Fr. Roger Landry in the National Catholic Register is sensing an impact, already, on the priesthood:
In his first couple of weeks as Pope, as well as his 14 years in Buenos Aires, Francis has been charting out the trajectory of priestly reshaping. We can focus on seven aspects of this needed renewal.
The first is with regard to priestly simplicity.
Diocesan priests do not take a vow of poverty, but commit themselves to a simple lifestyle. In many places, this principle is given lip service, as members of the clergy drive fancy cars, frequent the finest restaurants and live in exquisite digs. Cardinal Bergoglio’s example of living in a small apartment rather than an episcopal palace, taking public transportation rather than a car with a driver and cooking for himself cannot help but lead priests to a sincere examination about the sincerity of their own spiritual poverty.
Second, throughout his time as archbishop, the future Pope spoke out forcefully against priests’ living a “double-life.” When he was asked in a 2010 book-length interview, El Jesuita, about the common saying in Argentina, “I believe in God, but I don’t believe in priests,” he replied, “Many of us priests do not deserve to have them believe in us.”
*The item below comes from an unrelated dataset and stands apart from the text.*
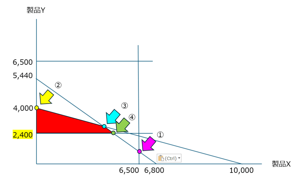 これらをグラフ化すると以下の様になります。赤く色を塗った領域が条件に合致する部分で、利益額が最高になり得るのは、各頂点①②③の部分となります。

He wants to change that, by calling, helping and requiring priests to live with genuine priestly integrity.
In Buenos Aires, if the priests found themselves in difficult circumstances, he would help them address their situation, even if it meant their deciding to leave the priesthood. What he absolutely wouldn’t tolerate, however, was priests’ living incoherent lives, because he knew how much that harms and scandalizes God’s people.
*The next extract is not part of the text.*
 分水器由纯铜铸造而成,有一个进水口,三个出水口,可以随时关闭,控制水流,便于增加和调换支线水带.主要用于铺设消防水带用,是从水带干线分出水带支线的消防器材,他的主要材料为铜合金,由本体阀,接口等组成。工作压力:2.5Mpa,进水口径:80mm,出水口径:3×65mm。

This leads to the third aspect of his reform of the priesthood: bringing about priestly accountability.
Paying his pre-conclave bill at the priests’ residence personally immediately after his election was not just a nice gesture indicating a total absence of a sense of privilege, but it was a real sign that not even popes should consider themselves exempt from the demands of ordinary justice.
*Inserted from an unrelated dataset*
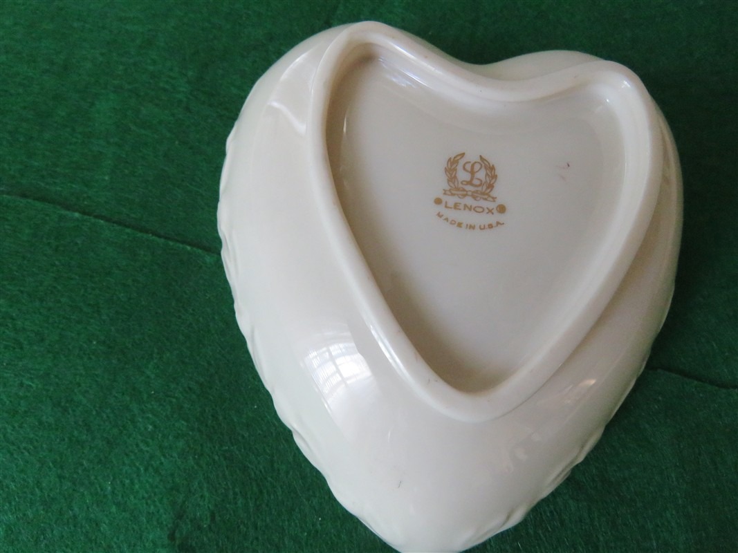 Add a touch of timeless elegance to your collection with this beautiful Lenox heart-shaped trinket box in the classic “Rhodora” rose pattern.

Fourth, he is likewise sketching out an authentic revision of the use of clerical power.
As he emphasized in the homily of his inaugural Mass, a priest’s authority must be linked to service, to the tender affection and protection given especially to the poorest, weakest, the least important and most easily forgotten. Like the Good Shepherd, the priest must seek to be the servant, not the lord, of the rest. This is the exact opposite of the haughty clericalism that in many places has hurt many and wounded the Church.
Fifth, he is calling priests to be men of profound mercy.
Whenever priests ask him for advice, he noted in El Jesuita, his answer is always, “Be merciful.” His motto Miserando Atque Eligendo (“Lowly But Chosen”) highlights that his own vocation was born in an experience of God’s mercy, when as 17-year old boy he went to confession on the feast of the St. Matthew, the great convert. Pope Francis’ reminder in his first Angelus address that God never tires of forgiving us is a clear call to priests never to tire in faithfully dispensing that mercy, sacramentally and extra-sacramentally.